If you have been procrastinating for an extended period of time, it might reflect a misalignment between what you want and what you are currently doing. Often times, we outgrow our goals as we discover more about ourselves, but we don’t change our goals to reflect that.

Get away from your work (a short vacation will be good, else just a weekend break or staycation will do too) and take some time to regroup yourself. What exactly do you want to achieve? What should you do to get there? What are the steps to take? Does your current work align with that? If not, what can you do about it?

10. Stop Over-Complicating Things

Are you waiting for a perfect time to do this? That maybe now is not the best time because of X, Y, Z reasons? Ditch that thought because there’s never a perfect time. If you keep waiting for one, you are never going to accomplish anything.

Perfectionism is one of the biggest reasons for procrastination. Read more about why perfectionist tendencies can be a bane than a boon: Why Being A Perfectionist May Not Be So Perfect.

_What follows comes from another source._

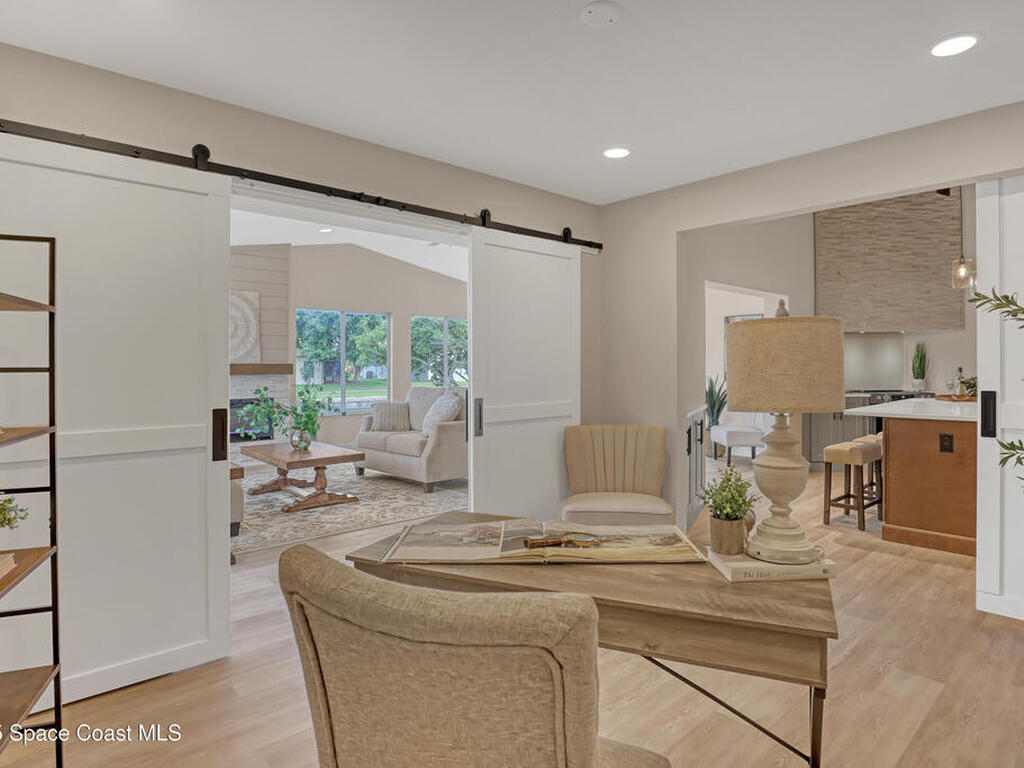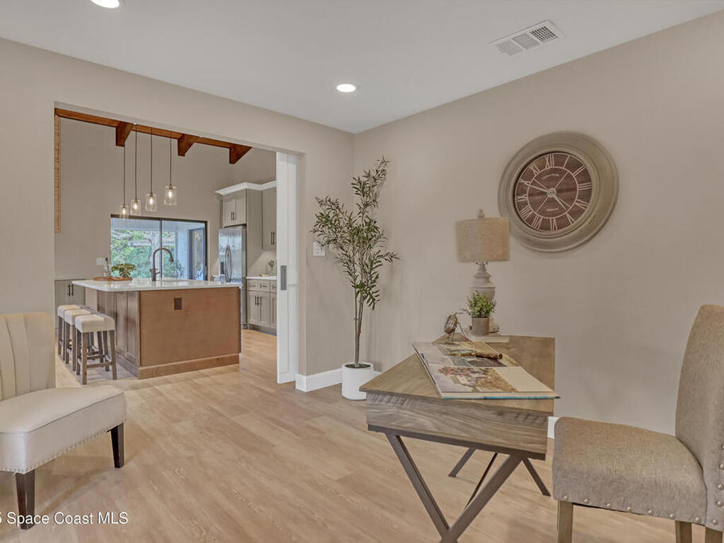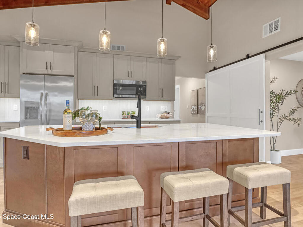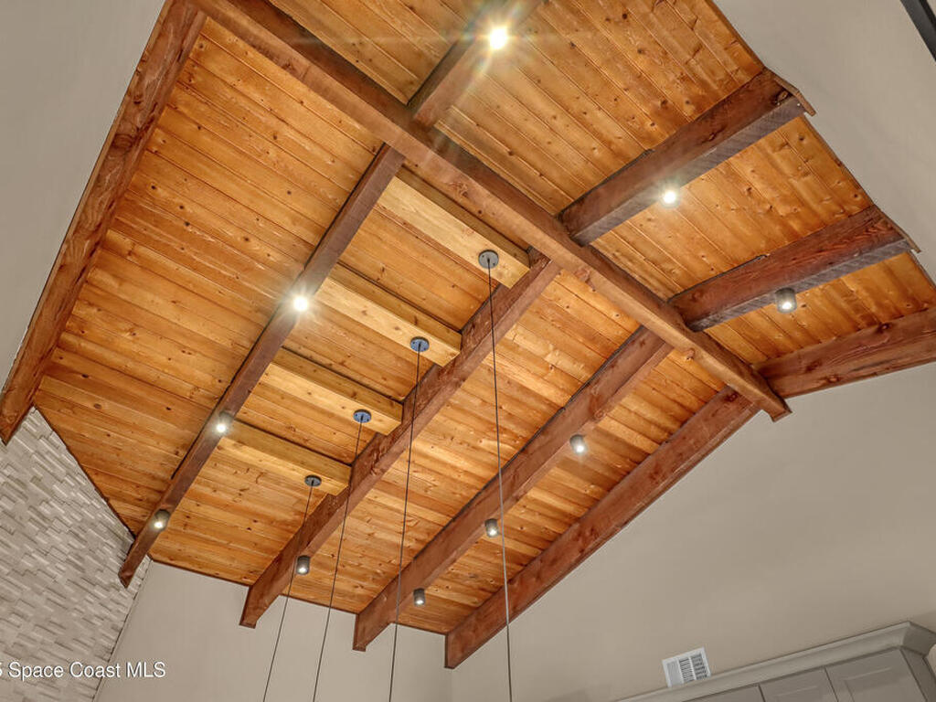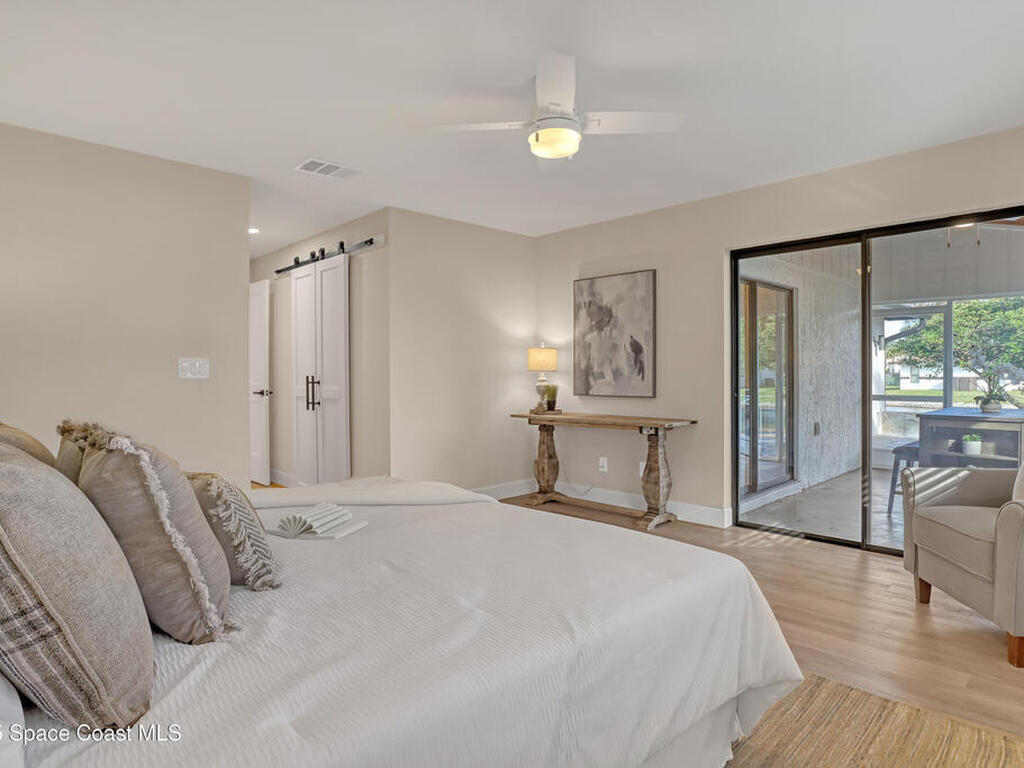 Tired of cookie-cutter Viera/Suntree homes?...then this house is for you! Filled with unique features. Everything is new, so it's like getting a brand new house in the heart of Suntree. Large cul-de-sac lot with wrap-around waterfront. Features an office/flex room. New luxury vinyl flooring & lighting throughout. Brand new kitchen with soaring 14' tall ceiling with exposed wood beams and T&G planks. Large quartz island with overhang, 42'' soft-close shaker cabinets, under-cabinet lighting, SS appliances, range hood, coffee corner, and tons of storage. Great room with 180 degree water views & new stone fireplace. Each guest room has their own slider door access to the private atrium that features a new concrete patio, sunshade, & overhead lighting. Both baths are all brand new with pebble tile showers, tile floors, & quartz countertop vanities. Indoor laundry room. All new int/ext doors. New systems: roof (2025), HWH (2025), AC (2019), & select AC ducting (2025). A-rated schools.

11. Get a Grip and Just Do It

At the end, it boils down to taking action. You can do all the strategizing, planning and hypothesizing, but if you don’t take action, nothing’s going to happen. Occasionally, I get readers and clients who keep complaining about their situations but they still refuse to take action at the end of the day.

Reality check:

I have never heard anyone procrastinate their way to success before and I doubt it’s going to change in the near future.  Whatever it is you are procrastinating on, if you want to get it done, you need to get a grip on yourself and do it.